私の受講生でも半年で10キロ自然に減ったという人がいたし、一番は実行委員のT松さんだろう。30キロも自然に減ったのだから。

そういえば私のクライアントでも、体重は変わらないのに近所のコンビニのおばちゃんから「痩せた?」と言われたという人がいたっけ。

一方、何年やっていても体型が変わらないという人もいる。
「そろそろ変わってもいいんじゃない?」と思う事もある。
同じ事をやっているのに、何故なのだろう。

不思議なことに、皆男性だ。

これもまた不思議なのだが、劇的な変化を遂げる人も、全然変わらない人も大抵男性なのだ。女子は「劇的」というよりも、ナチュラルに変化するようである。

 

★なお、経験が長くても「動き」をやらずに「渦状波®(かじょうは)」だけしかやっていなかったりすると、動きの「キレ」が悪くなるのですぐわかるというのは師匠である。私もわかる。

★質の高い、敢えていうならば、至上体験のような「快」を味わってしまうと、からだが変わるのは間違いない。中にはヨーガの行者が長年の瞑想の後に観るようなヴィジョンを観てしまったという人もいたりする。

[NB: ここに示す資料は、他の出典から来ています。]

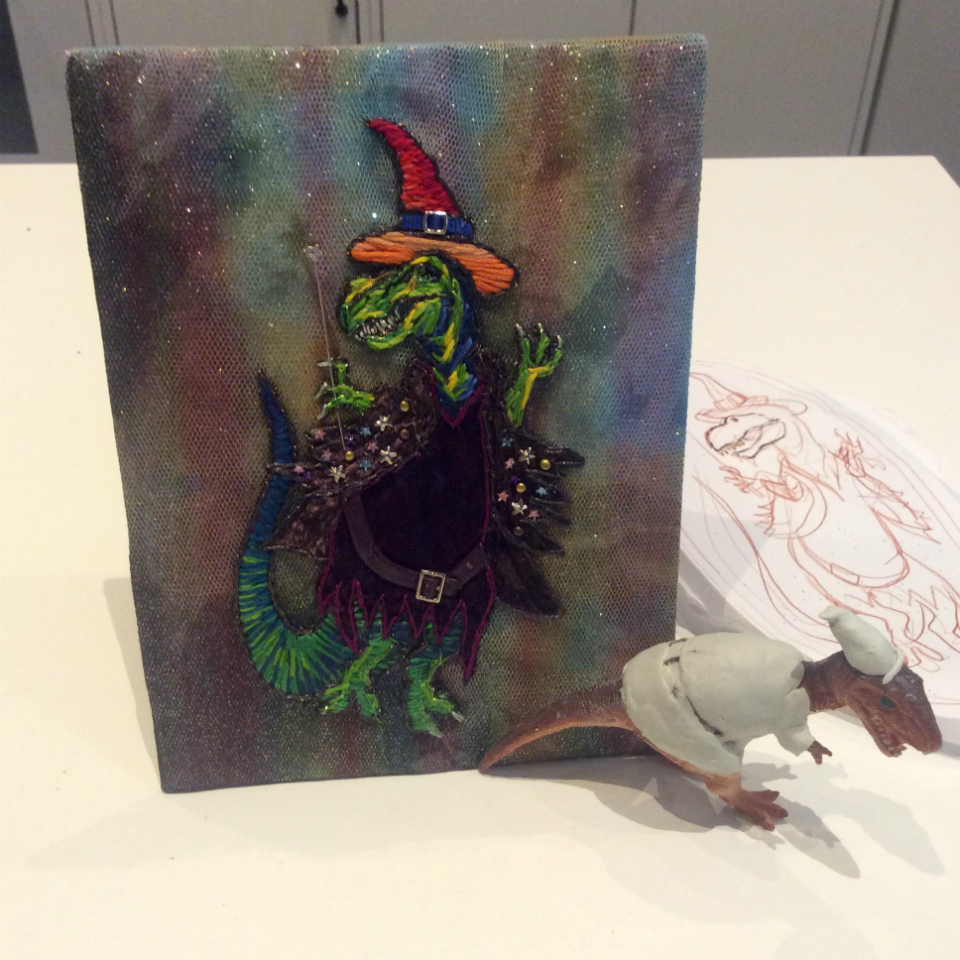 Queer dinowitch embroidery by Suzanne Forbes July 2017

★このような質の高い快は、第一分析では得られない。第三分析(刺激にならない皮膚へのアプローチ)以上の動診によるだろう。つまり、対になった動きを比較対照し、楽な方へ動かし、瞬間急速脱力させるという分析法(第一分析)では得られないということだ。第二分析(一つ一つの動きに快適感覚の有無をききわけさせるもの。動きは比較対照しない)でも「慣れていれば」「快の回路が開いていれば」という感じで、やはり第三分析(皮膚へのアプローチ)以上の分析法であろう。

 

不思議だ。聞けば食事にも気を遣っているようだし。

これについては何と言うか「何かを手放していない」ということではないかと思っている。。

何だかわからないけど「何か」。

上手く表現できないけれど、彼らには何か共通点がある。
それは「想」の部分だ。

よく「体癖」という言葉を聞くけれど、「体癖」の前に「想」があるのではないだろうか??

または「極上の快」を味わったことがないのかも?

たまに「極上の快」を味わうことを、無意識下で拒否する人がいるのは事実だと思う。

多分、今までの自分が消えてしまうとか「変わる」ことに対する潜在的な恐怖があるのかもしれない。

何を「手放していない」のか、何となくわかるのだが、ここでは文字にしないでおく。